Nothing but the lines from the top of the data to the line holding "VINTAGE TRAMP ART" should be printed, word for word and both ends included; leave the pictures out.

+++ Provided data

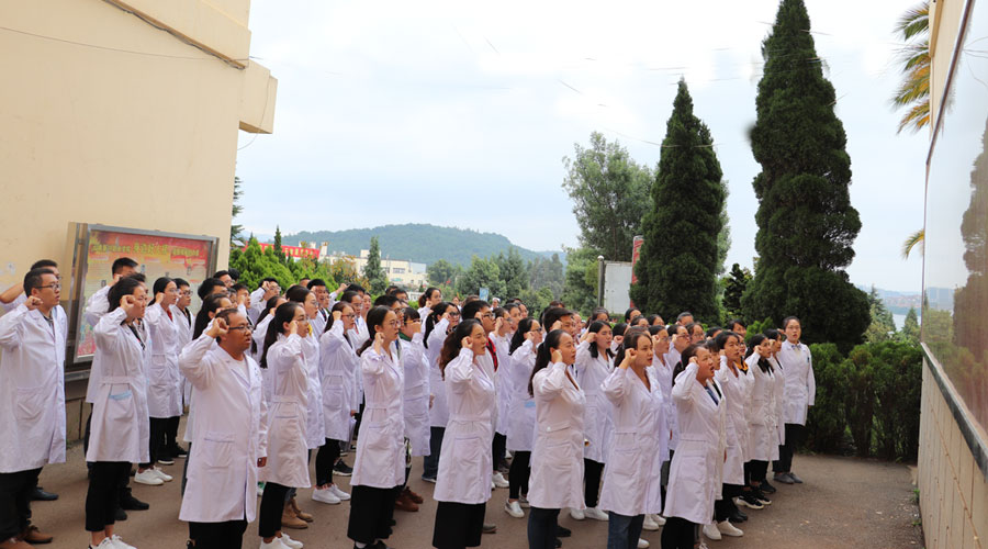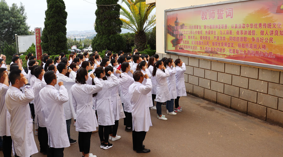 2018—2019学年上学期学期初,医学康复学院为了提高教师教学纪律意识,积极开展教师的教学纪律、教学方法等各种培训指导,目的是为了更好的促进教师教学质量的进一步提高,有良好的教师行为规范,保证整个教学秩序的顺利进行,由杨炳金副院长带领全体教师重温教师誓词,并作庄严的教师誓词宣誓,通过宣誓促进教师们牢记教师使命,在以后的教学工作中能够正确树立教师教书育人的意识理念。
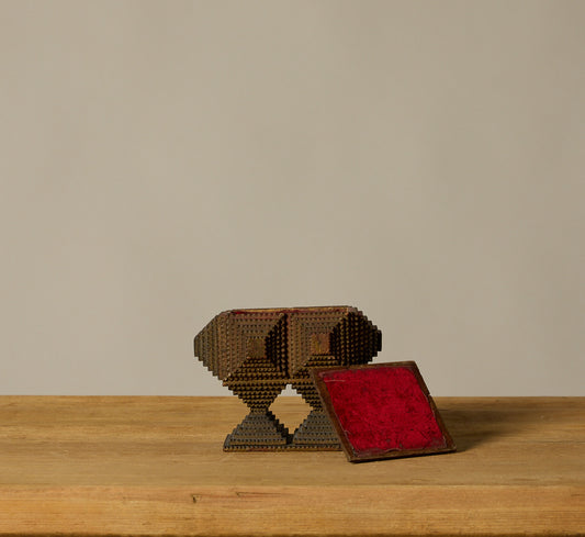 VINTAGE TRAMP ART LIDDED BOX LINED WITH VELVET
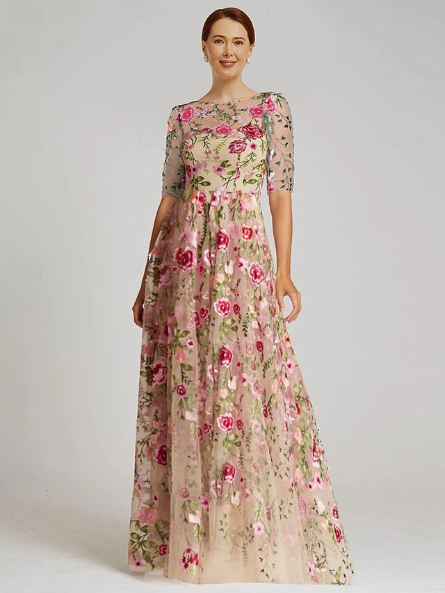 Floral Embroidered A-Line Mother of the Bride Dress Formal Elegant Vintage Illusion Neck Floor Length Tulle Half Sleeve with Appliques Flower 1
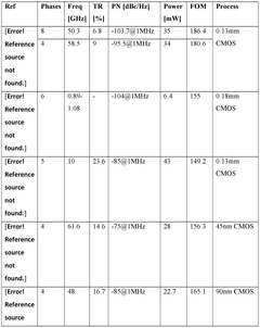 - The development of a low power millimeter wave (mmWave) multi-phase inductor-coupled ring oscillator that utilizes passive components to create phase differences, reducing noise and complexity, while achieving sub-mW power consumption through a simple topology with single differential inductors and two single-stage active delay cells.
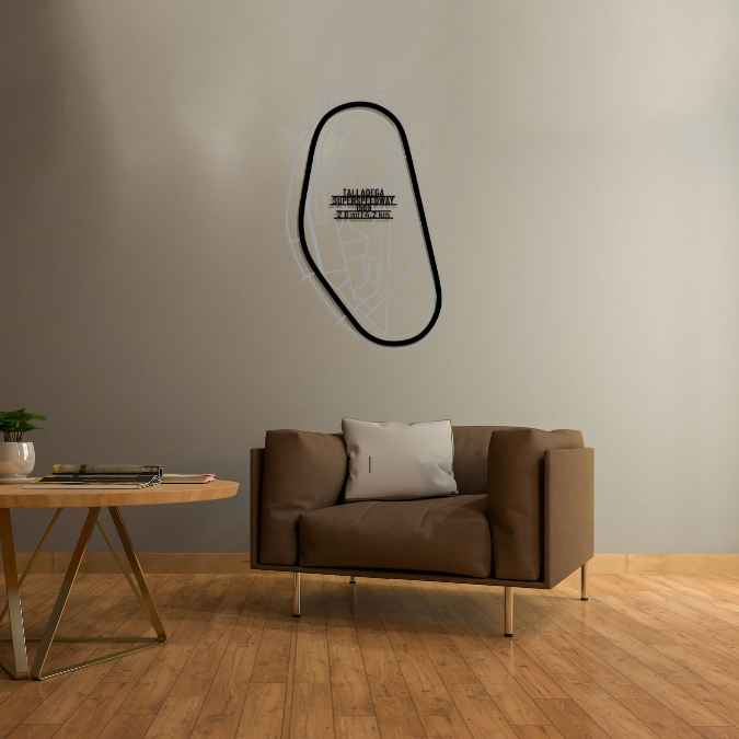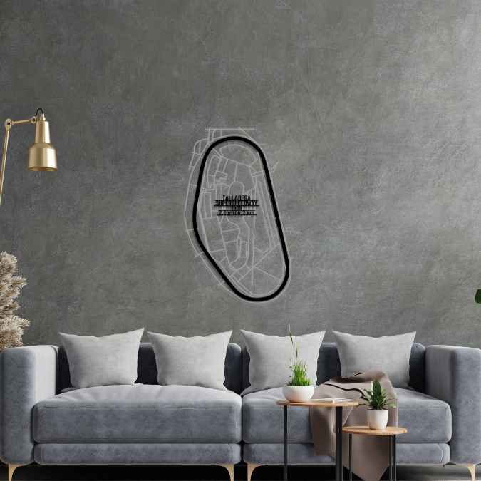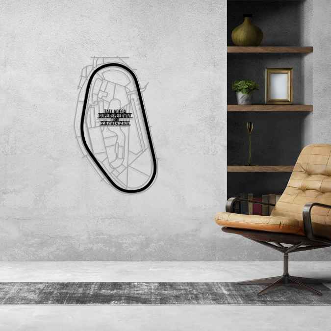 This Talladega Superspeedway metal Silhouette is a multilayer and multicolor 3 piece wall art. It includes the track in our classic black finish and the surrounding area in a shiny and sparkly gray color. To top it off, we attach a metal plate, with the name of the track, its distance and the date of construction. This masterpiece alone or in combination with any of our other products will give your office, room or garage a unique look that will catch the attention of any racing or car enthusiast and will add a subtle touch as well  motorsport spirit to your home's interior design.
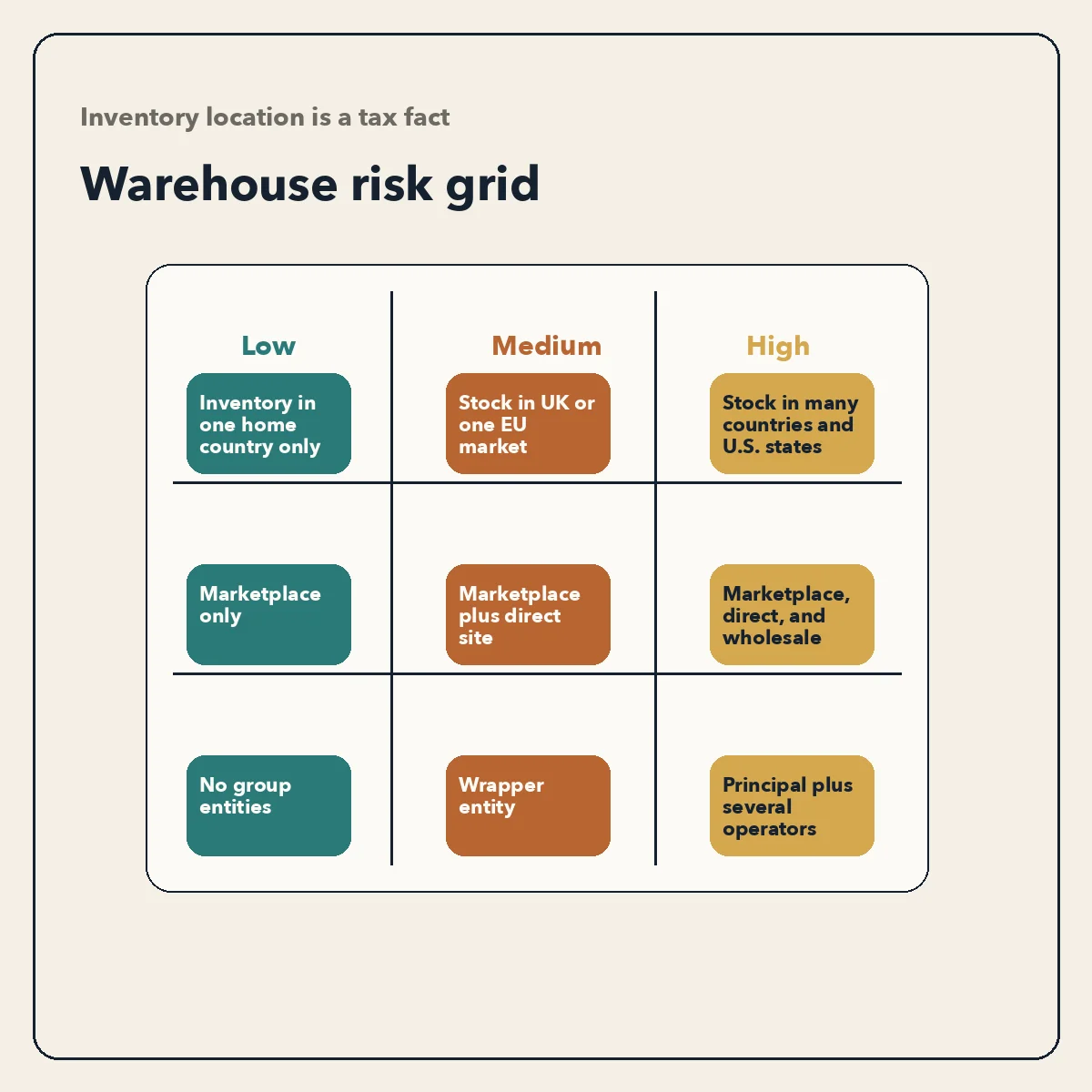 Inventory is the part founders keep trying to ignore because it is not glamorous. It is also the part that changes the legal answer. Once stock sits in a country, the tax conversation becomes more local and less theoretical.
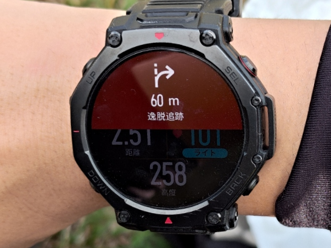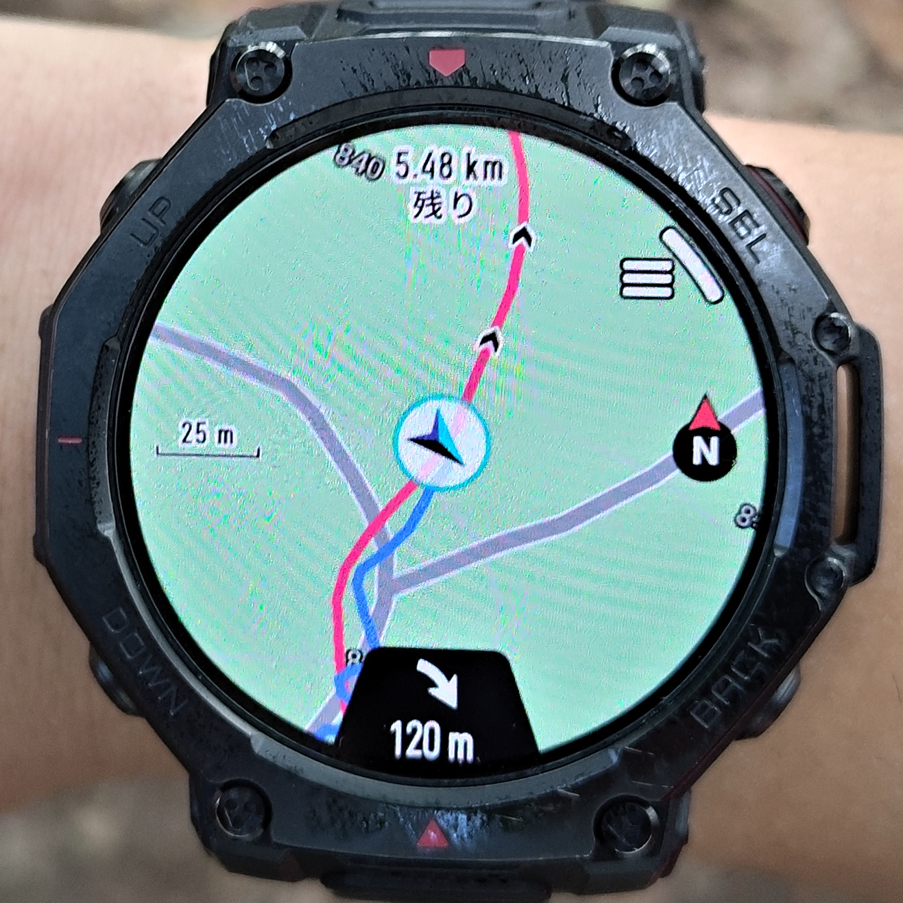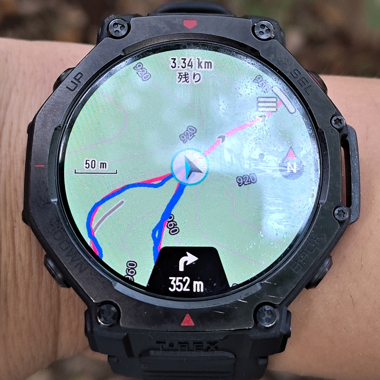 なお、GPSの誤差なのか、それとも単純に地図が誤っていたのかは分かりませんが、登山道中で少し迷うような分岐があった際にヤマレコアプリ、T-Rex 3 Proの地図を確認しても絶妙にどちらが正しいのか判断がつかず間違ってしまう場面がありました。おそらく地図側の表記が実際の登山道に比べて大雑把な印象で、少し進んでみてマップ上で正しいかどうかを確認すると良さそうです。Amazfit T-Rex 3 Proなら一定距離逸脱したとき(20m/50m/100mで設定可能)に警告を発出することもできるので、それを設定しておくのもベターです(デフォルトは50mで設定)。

++++++

Answer to this exercise |
 2018—2019学年上学期学期初,医学康复学院为了提高教师教学纪律意识,积极开展教师的教学纪律、教学方法等各种培训指导,目的是为了更好的促进教师教学质量的进一步提高,有良好的教师行为规范,保证整个教学秩序的顺利进行,由杨炳金副院长带领全体教师重温教师誓词,并作庄严的教师誓词宣誓,通过宣誓促进教师们牢记教师使命,在以后的教学工作中能够正确树立教师教书育人的意识理念。
 VINTAGE TRAMP ART LIDDED BOX LINED WITH VELVET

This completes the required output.